Etwas Schilda ist aber immer noch drin. So definieren die Leitsätze Apfelmus immer noch als „gesüßt“. Es gibt aber einen Umweg für Hersteller, die dennoch ein ungezuckertes Apfelmus anbieten wollen. Sie müssten die Abweichung von den Beschreibungen in den Leitsätzen „hinreichend und rechtskonform kenntlich machen“, erklärte uns eine Sprecherin des Ernährungsministeriums. Was genau „hinreichend und rechtskonform“ ist, kann auch das Ministerium noch nicht sagen. „Die Auslegung der Vorschriften obliegt letztlich den Gerichten.“

RATGEBER

► Apfelmus ist noch häufig gesüßt. Wenn Hersteller es ohne Zuckerzusatz anbieten, schreiben sie das in der Regel gut sichtbar vorne aufs Etikett.

► Produkte, die Apfelmark heißen, enthalten nur den natürlichen Zucker aus den Äpfeln, im Schnitt knapp elf Prozent.

► Ausprobieren: Mit vier Esslöffeln Apfelmus kann man in Rezepten für Rührkuchen oder Muffins jeweils ein Hühnerei ersetzen.

Zuckerfreies Apfelmus vor Gericht? Wir hoffen, dass es nie dazu kommen wird, und stellen uns schon einmal vorsorglich auf die Seite derer, die Apfelmus ohne Zuckerzusatz anbieten. Wir finden es gut, dass in diesem Test bereits fünf von 15 Produkten mit Namen „Apfelmus“ ohne Zuckerzusatz dabei sind. Sie machen das – aus unserer Sicht – auf den ersten Blick deutlich kenntlich, etwa durch „0 % Zuckerzusatz“ im Produktnamen.

Zehn Hersteller setzen dem Apfelmus noch Zucker zu.
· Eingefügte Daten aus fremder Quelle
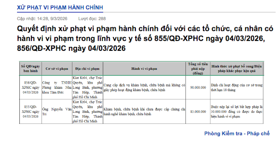 Phòng khám Nha khoa Tâm Đức (địa chỉ Kiot Kt04, chợ Trúc Quyên, khu phố Long Bình, phường Tân Hiệp, TP Hồ Chí Minh) bị phạt 90 triệu đồng và đình chỉ hoạt động trong 18 tháng do cung cấp dịch vụ khám chữa bệnh khi chưa có giấy phép. Cá nhân ông Nguyễn Văn Tri tại đây cũng bị phạt 85 triệu đồng vì hành nghề "chui" và buộc nộp lại 50 triệu đồng lợi nhuận bất hợp pháp.

In den Nährwerttabellen auf den Verpackungen finden sich zwar mittlerweile auch Zuckerwerte unter der abgeschafften Marke aus den alten Leitsätzen von 16,5 Prozent. Es tauchen aber immer noch hohe Werte von 16 bis 18 Gramm Zucker pro 100 Gramm Apfelmus auf. Wir ziehen für alle Zuckerzusätze eine Note ab. Ein Apfelbrei ist ohne Zucker schon süß, weniger Zucker ist gesünder. Mepiquat und andere Spritzmittel Im Globus Golden Delicious Apfelmus und im Jeden Tag Apfelmus hat das beauftragte Labor den Wachstumsregulator Mepiquat nachgewiesen. Das Spritzgift ist im europäischen Obstbau verboten, tauchte allerdings auch in mehreren getesteten Apfelsäften auf (siehe Seite 8). Beide Muse fallen durch, denn sie überschreiten den in der EU geltenden Mepiquat-Grenzwert für Äpfel. Zudem enthalten sie Spuren des Insektizids Acetamiprid. Weil Acetamiprid Blüten bestäubenden Insekten schadet, hat Frankreich das Mittel bereits 2018 verboten.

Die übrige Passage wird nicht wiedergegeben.